Where we are in the course

So far, we have mostly relied on:

Built-in samplers like rnorm(), rpois(), runif(), …
Inverse transform sampling (Inverse CDF method): works great when you can compute the inverse CDF \(F^{-1}(u)\).

But in practice, you often face one (or more) of these problems:

You can evaluate a density \(f(x)\), but you cannot invert the CDF.
The event you care about is rare, so naive simulation wastes most samples.

Today: two practical tools for these situations.

Outline

Rejection sampling (to generate data when no inverse CDF is available)
Importance sampling (to estimate expectations/probabilities efficiently, especially rare events)

A quick decision guide (preview)

Goal: Generate independent draws from a distribution

If you know \(F^{-1}\): Inverse transform
If you can bound \(f(x)\) by a scaled proposal: Rejection sampling

Goal: Estimate \(E[h(X)]\) or \(P(X \in A)\)
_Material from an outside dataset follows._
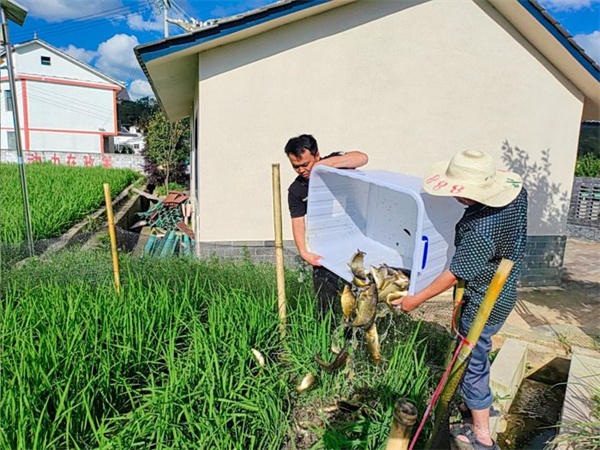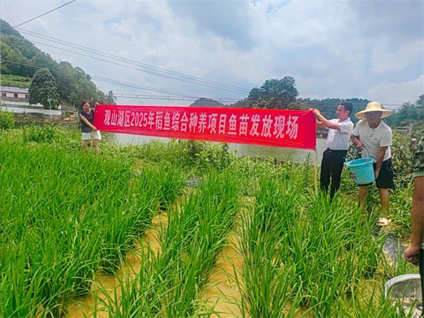 据悉,鱼苗分发前,合作社与农户们预先加强了田埂的稳固性、增设了防逃网设施、开挖了田间养殖沟。区农业水利服务中心的技术人员指出,鱼类在稻田中生长不仅有助于减少农药和化肥的使用量,降低土壤污染,还能通过鱼类的自然活动来除草、除虫、松土和增肥,从而改善稻田的生态环境,提高水稻的产量和品质。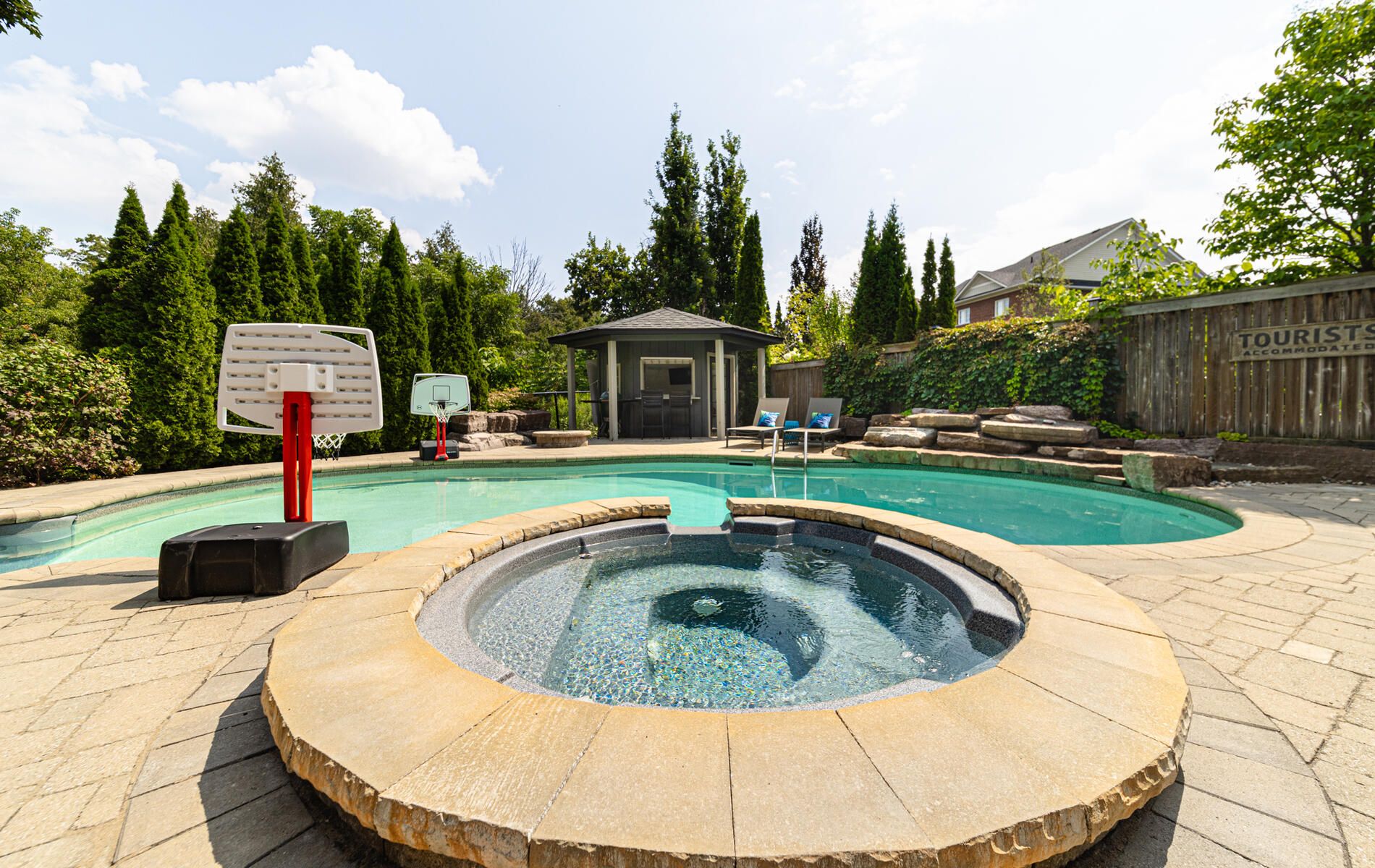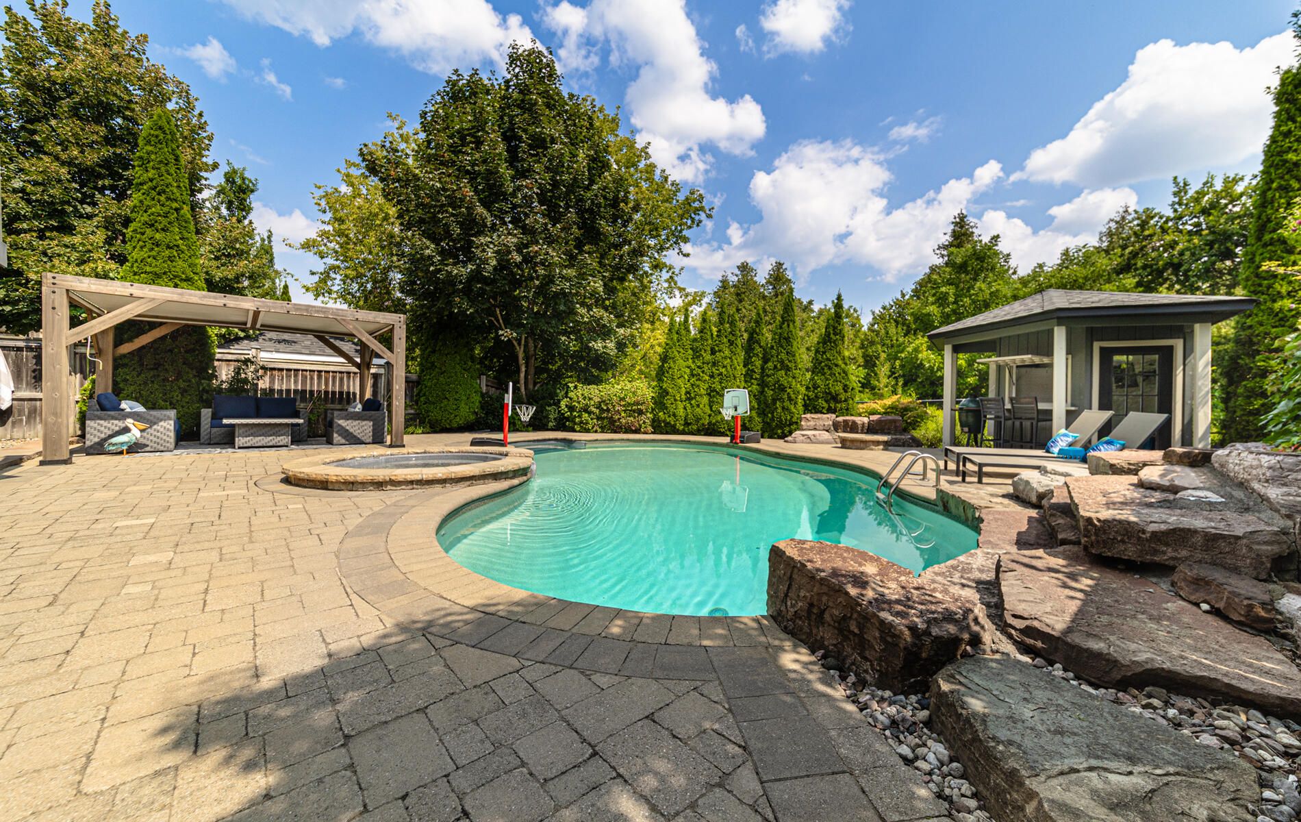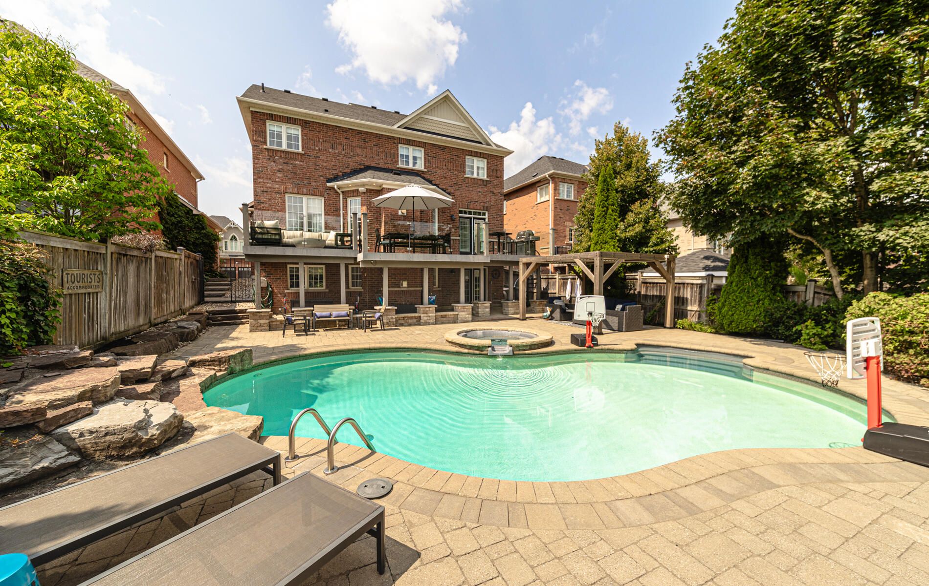 Set on one of brooklin's most coveted streets, this exceptional southampton model queensgate home offers over 4,000 sq. Ft. Of professionally designed & decorated luxury living space. Situated on a 50 ft lot backing onto greenspace, this home delivers both sophistication & serenity. The attention to detail is evident from soaring ceilings & rich hardwood flooring throughout to designer lighting & in-ceiling speakers that set the tone for effortless elegance. At the heart of the home lies the entertainers kitchen, outfitted with high-end appliances incl. A jenn-air fridge, wall oven, microwave, & thermador cooktop. This culinary haven seamlessly opens to the oversized great room w/ gas fireplace, all overlooking the breathtaking ravine backdrop & walks out to custom trex deck overlooking the backyard oasis. In addition to a separate living & dining room, the main floor also features a home office (also ideal as a childrens playroom), a mudroom/laundry room w/access to a recently renovated garage. Upstairs, the primary suite is a true retreat, with tranquil ravine views, his-and-hers walk-in closets, & a spa-inspired 5-piece ensuite. Bedroom 2 enjoys its own 3-piece ensuite and walk-in closet, while bedrooms 3 & 4 share a spacious 4-piece jack & jill bath each with its own walk-in closet. The finished walk-out basement extends the homes entertainment space, a sprawling rec room w/built-in cabinetry, a wet bar & beverage fridge, plus an open games area ideal for hosting family gatherings or poolside celebrations. Step outside to your private backyard oasis, complete w/16 x 32 kidney-shaped in-ground pool, hot tub, pool cabana w/electrical, propane fire pit & extensive landscaping. All of this is within walking distance to top-rated schools & moments from downtown brooklin, golf courses, the 407, shops, dining & more. Luxury. Privacy. Location. This is more than a home its a lifestyle.

If \(A\) is rare under your simulator: Importance sampling

Rejection sampling: when and why

When to use it

You want to simulate from a target density \(f(x)\) but:

\(F^{-1}\) is not available (no closed-form quantile function)
you can still evaluate \(f(x)\) up to a constant, i.e. \(f(x) \propto \tilde f(x)\)

Key idea

Sample from an easier proposal distribution \(g(x)\), then accept a draw with some probability so that accepted values follow the target.

Rejection sampling: the algorithm

Assume:

You can sample from a proposal density \(g(x)\)
You can compute an unnormalized target \(\tilde f(x)\)
You can find a constant \(M\) such that for all \(x\) in the support: \[ \tilde f(x) \le M g(x). \]

Algorithm:

Draw \(Y \sim g\)
Draw \(U \sim \text{Uniform}(0,1)\)
Accept \(Y\) if \[ U \le \frac{\tilde f(Y)}{M g(Y)}. \]
Repeat until you have \(n\) accepted draws

Practical note: The acceptance rate is about \(1/M\) (higher is better).

Rejection sampling example: a “weird” density with no inverse CDF

Target density on \([-2,2]\): \[ f(x) \propto \exp(-x^4), \quad -2 \le x \le 2. \]

This is a valid density after normalization (but we don’t need the normalizing constant).
The CDF has no simple closed form, so inverse transform is not convenient.
Easy proposal: Uniform\((-2,2)\).

Because \(\tilde f(x) = \exp(-x^4) \le 1\) and \(g(x)=1/4\), we can use \(M=4\).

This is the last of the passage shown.